◆ **Problem description**: Starting with the line that has "الطَّوَافُ بالبَيْتِ) [1365]." in the records below and stopping after the line that has "Dieser Petrie Aachen", output every line exactly and nothing else; skip pictures.

◆ **Data for the task**:
-----

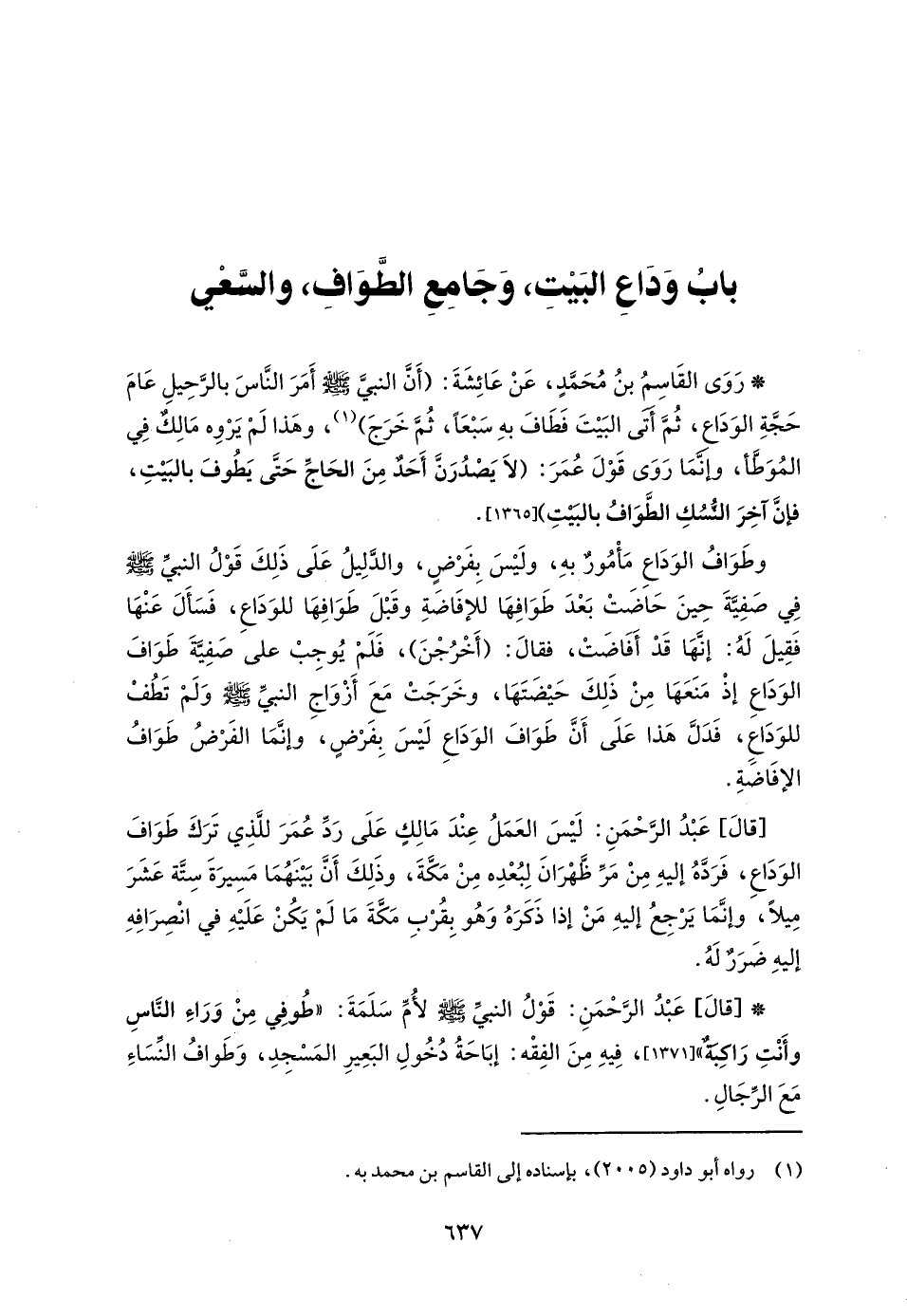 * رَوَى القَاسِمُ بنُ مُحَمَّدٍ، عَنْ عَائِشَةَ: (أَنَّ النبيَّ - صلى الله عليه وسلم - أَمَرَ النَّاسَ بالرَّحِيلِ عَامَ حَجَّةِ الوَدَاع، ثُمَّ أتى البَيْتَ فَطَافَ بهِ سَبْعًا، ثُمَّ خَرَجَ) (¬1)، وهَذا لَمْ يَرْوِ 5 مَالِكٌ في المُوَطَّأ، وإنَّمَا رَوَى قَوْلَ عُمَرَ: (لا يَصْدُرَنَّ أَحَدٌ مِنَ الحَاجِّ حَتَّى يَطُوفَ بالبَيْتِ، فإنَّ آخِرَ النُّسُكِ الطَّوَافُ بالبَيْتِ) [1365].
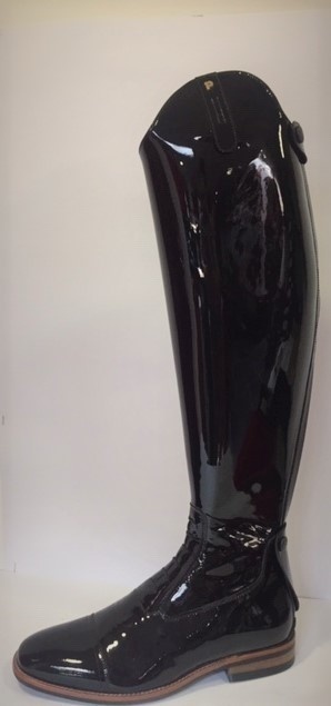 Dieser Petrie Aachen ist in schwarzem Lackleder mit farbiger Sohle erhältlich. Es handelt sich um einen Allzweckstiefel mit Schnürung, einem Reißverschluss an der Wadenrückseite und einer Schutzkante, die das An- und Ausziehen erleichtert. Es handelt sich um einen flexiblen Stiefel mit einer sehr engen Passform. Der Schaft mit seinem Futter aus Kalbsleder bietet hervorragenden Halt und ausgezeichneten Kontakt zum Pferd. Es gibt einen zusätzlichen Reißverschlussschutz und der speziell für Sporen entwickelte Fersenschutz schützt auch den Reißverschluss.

-----

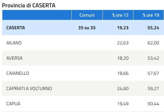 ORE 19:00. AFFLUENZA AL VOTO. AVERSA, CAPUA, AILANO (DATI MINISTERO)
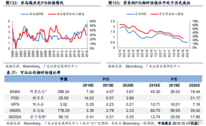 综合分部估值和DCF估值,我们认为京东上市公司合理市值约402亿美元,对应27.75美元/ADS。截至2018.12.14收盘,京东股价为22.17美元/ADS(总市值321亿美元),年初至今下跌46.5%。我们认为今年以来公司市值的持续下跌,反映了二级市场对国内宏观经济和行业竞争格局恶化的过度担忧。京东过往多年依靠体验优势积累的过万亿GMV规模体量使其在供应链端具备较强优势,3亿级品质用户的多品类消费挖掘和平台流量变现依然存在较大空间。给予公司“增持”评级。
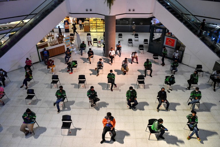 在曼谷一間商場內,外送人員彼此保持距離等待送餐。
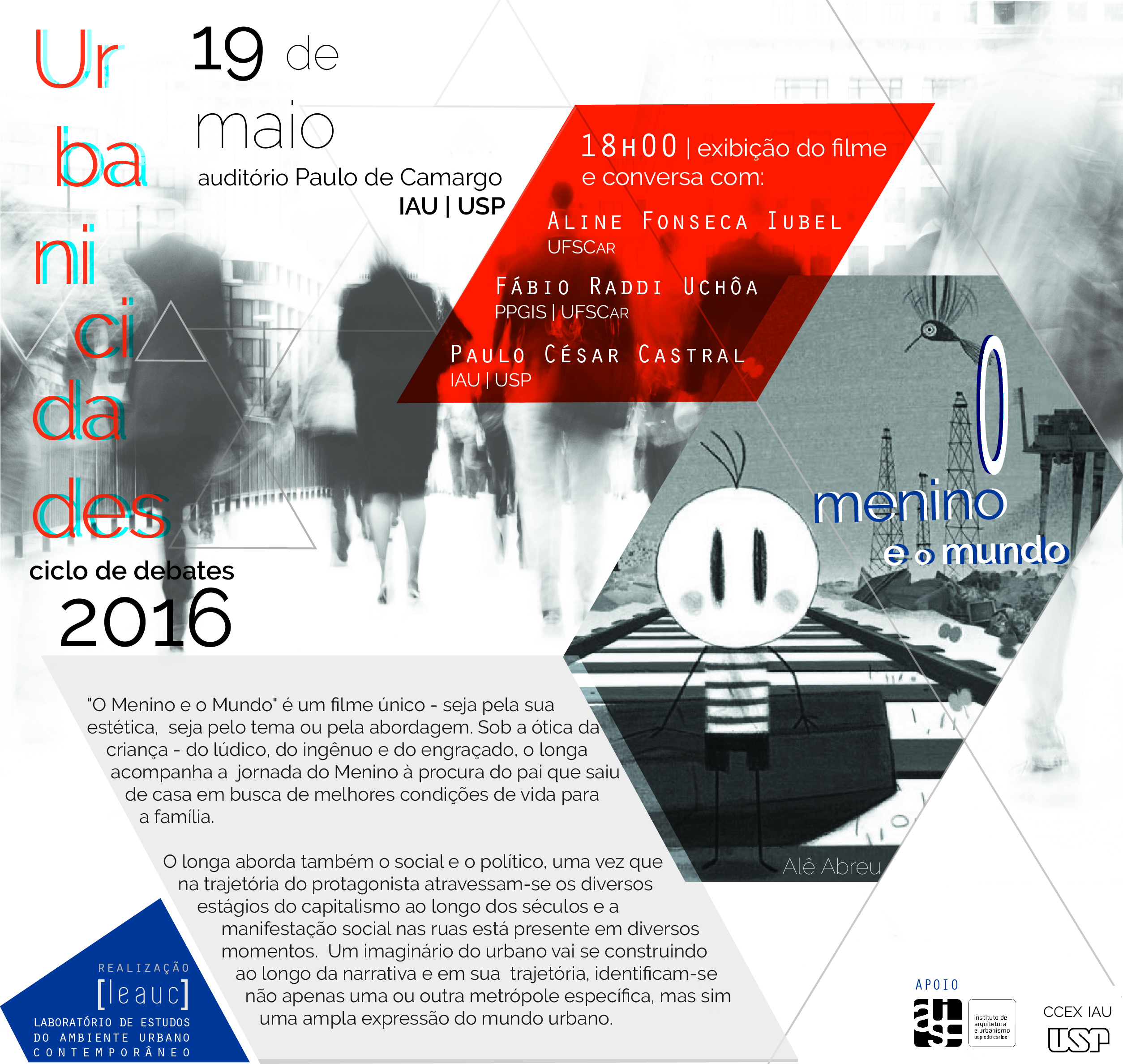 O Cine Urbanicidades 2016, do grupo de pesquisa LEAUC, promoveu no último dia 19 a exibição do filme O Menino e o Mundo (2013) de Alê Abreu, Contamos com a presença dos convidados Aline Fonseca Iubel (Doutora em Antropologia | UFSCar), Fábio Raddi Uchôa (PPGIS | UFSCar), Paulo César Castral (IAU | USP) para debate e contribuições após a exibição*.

-----

◆ **Response box**:
 * رَوَى القَاسِمُ بنُ مُحَمَّدٍ، عَنْ عَائِشَةَ: (أَنَّ النبيَّ - صلى الله عليه وسلم - أَمَرَ النَّاسَ بالرَّحِيلِ عَامَ حَجَّةِ الوَدَاع، ثُمَّ أتى البَيْتَ فَطَافَ بهِ سَبْعًا، ثُمَّ خَرَجَ) (¬1)، وهَذا لَمْ يَرْوِ 5 مَالِكٌ في المُوَطَّأ، وإنَّمَا رَوَى قَوْلَ عُمَرَ: (لا يَصْدُرَنَّ أَحَدٌ مِنَ الحَاجِّ حَتَّى يَطُوفَ بالبَيْتِ، فإنَّ آخِرَ النُّسُكِ الطَّوَافُ بالبَيْتِ) [1365].
 Dieser Petrie Aachen ist in schwarzem Lackleder mit farbiger Sohle erhältlich. Es handelt sich um einen Allzweckstiefel mit Schnürung, einem Reißverschluss an der Wadenrückseite und einer Schutzkante, die das An- und Ausziehen erleichtert. Es handelt sich um einen flexiblen Stiefel mit einer sehr engen Passform. Der Schaft mit seinem Futter aus Kalbsleder bietet hervorragenden Halt und ausgezeichneten Kontakt zum Pferd. Es gibt einen zusätzlichen Reißverschlussschutz und der speziell für Sporen entwickelte Fersenschutz schützt auch den Reißverschluss.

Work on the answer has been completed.